Figure 5 is a diagram showing the hardware structure of a device that builds a dataset by recognizing a document with a complex structure including a table using document structuring tags when performing OCR according to an embodiment of the present invention.
Figure 6 is a flow chart of a method of building a dataset by recognizing a document with a complex structure including a table using document structuring tags when performing OCR according to an embodiment of the present invention.
Figure 7 is a flowchart showing in detail the steps of generating table format data in a method of building a dataset by recognizing a document with a complex structure including a table using a document structuring tag when performing OCR according to an embodiment of the present invention.

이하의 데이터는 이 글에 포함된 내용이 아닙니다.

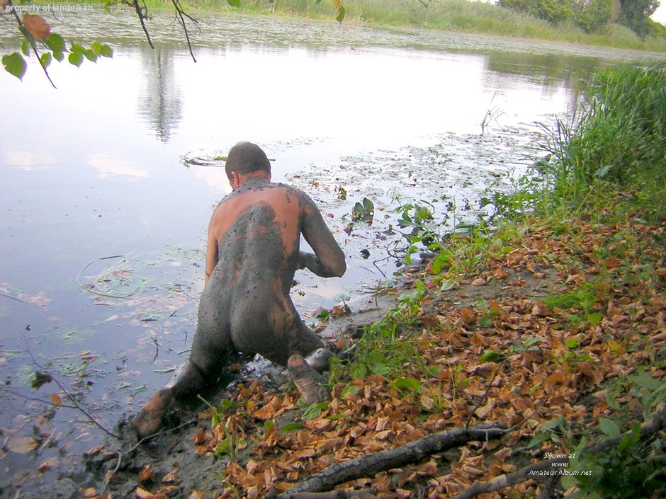 a bad boy with a dirty ass crawling on the muddy Bank of the river

이하에서는 도면을 참조하여 본 발명의 구체적인 실시예를 상세하게 설명한다. 다만, 본 발명의 사상은 제시되는 실시예에 제한되지 아니하고, 본 발명의 사상을 이해하는 당업자는 동일한 사상의 범위 내에서 다른 구성요소를 추가, 변경, 삭제 등을 통하여, 퇴보적인 다른 발명이나 본 발명 사상의 범위 내에 포함되는 다른 실시예를 용이하게 제안할 수 있을 것이나, 이 또한 본원 발명 사상 범위 내에 포함된다고 할 것이다.Hereinafter, specific embodiments of the present invention will be described in detail with reference to the drawings. However, the spirit of the present invention is not limited to the presented embodiments, and those skilled in the art who understand the spirit of the present invention may add, change, or delete other components within the scope of the same spirit, or create other degenerative inventions or this invention. Other embodiments that are included within the scope of the invention can be easily proposed, but this will also be said to be included within the scope of the invention of the present application.

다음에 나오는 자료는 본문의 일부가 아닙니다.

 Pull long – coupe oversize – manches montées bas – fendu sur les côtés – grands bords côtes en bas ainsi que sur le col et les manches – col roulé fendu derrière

그리고, 후술되는 용어들은 본 발명에서의 기능을 고려하여 설정된 용어들로써 이는 발명자의 의도 또는 관례에 따라 달라질 수 있으므로 그 정의는 본 명세서 전반에 걸친 내용을 토대로 내려져야 할 것이고, 본 명세서에서 본 발명에 관련된 공지의 구성 또는 기능에 대한 구체적인 설명이 본 발명의 요지를 흐릴 수 있다고 판단되는 경우에 이에 관한 자세한 설명은 생략하기로 한다.In addition, the terms described below are terms set in consideration of the function in the present invention, and may vary depending on the inventor's intention or custom, so the definition should be made based on the content throughout the specification, and in this specification, the terms related to the present invention In cases where it is determined that detailed descriptions of well-known configurations or functions may obscure the gist of the present invention, detailed descriptions thereof will be omitted.

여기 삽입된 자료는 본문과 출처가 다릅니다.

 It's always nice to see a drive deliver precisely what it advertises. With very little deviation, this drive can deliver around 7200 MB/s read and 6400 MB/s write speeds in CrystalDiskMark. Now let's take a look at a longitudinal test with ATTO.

이하, 도면을 참조로 하여 본 발명에 따른 OCR 수행 시 문서 구조화 태그를 활용한 표가 포함된 복잡한 구조의 문서 인식으로 데이터셋을 구축하는 장치를 설명한다.Hereinafter, with reference to the drawings, a device for building a dataset by recognizing a document with a complex structure including a table using document structuring tags when performing OCR according to the present invention will be described.

도 1은 본 발명의 일 실시예에 따른 OCR 수행 시 문서 구조화 태그를 활용한 표가 포함된 복잡한 구조의 문서 인식 인식으로 데이터셋을 구축하는 장치(이하, 복잡한 구조의 문서 인식으로 데이터셋을 구축하는 장치라 함.)의 전체 관계도이다.1 is a device for building a dataset by recognizing a document with a complex structure including a table using a document structuring tag when performing OCR according to an embodiment of the present invention (hereinafter, building a dataset by recognizing a document with a complex structure) This is the overall relationship diagram.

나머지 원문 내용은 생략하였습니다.